NARKOBA : Ditresnarkoba Polda Kalteng, Kombes Pol Nono Wardoyo saat menunjukkan barang bukti sabu. FOTO : SEPUTAR BORNEO
SB, PALANGKA RAYA - Bumi Tambun Bungai Bumi Pancasila julukan Provinsi Kalimantan Tengah (Kalteng) mulai terjadi darurat peredaran narkoba.
Pasalnya, hasil pengungkapan dari tahun ke tahun jumlah tersangka dan barang bukti yang diamankan meningkat tajam.
Kapolda Kalteng, Irjen Pol Nanang Avianto melalui Dirresnarkoba, Kombes Pol Nono Wardoyo menerangkan, perbandingan tindak pidana narkoba pada tahun 2022 apabila dibandingkan dengan tahun 201, secara kuantitas jumlah kasus dan tersangka mengalami penurunan.
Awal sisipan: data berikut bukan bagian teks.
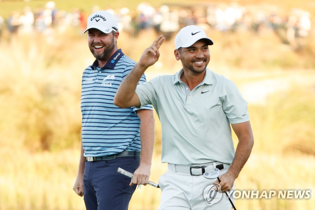 | ▲ 2라운드 18번 홀 버디 이후 인사하는 마크 리슈먼과 제이슨 데이 [게티이미지/AFP=연합뉴스] |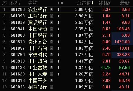 2.75万亿元!农业银行14连阳,A股总市值第一

Hal tersebut dikarenakan baru berjalan sampai bulan Agustus 2022, namun secara kualitas barang bukti mengalami kenaikan signifikan.
Untuk jumlah kasus tahun 2021 sebanyak 376, sedangkan tahun 2022 sebanyak 470 kasus sehingga mengalami penurunan 26,8 persen.
Sedangkan jumlah tersangka pada tahun 2021 sebanyak 761 orang, kemudian tahun 2022 sebayak 586 orang mengalami turun sebanyak 21 orang atau 21 persen.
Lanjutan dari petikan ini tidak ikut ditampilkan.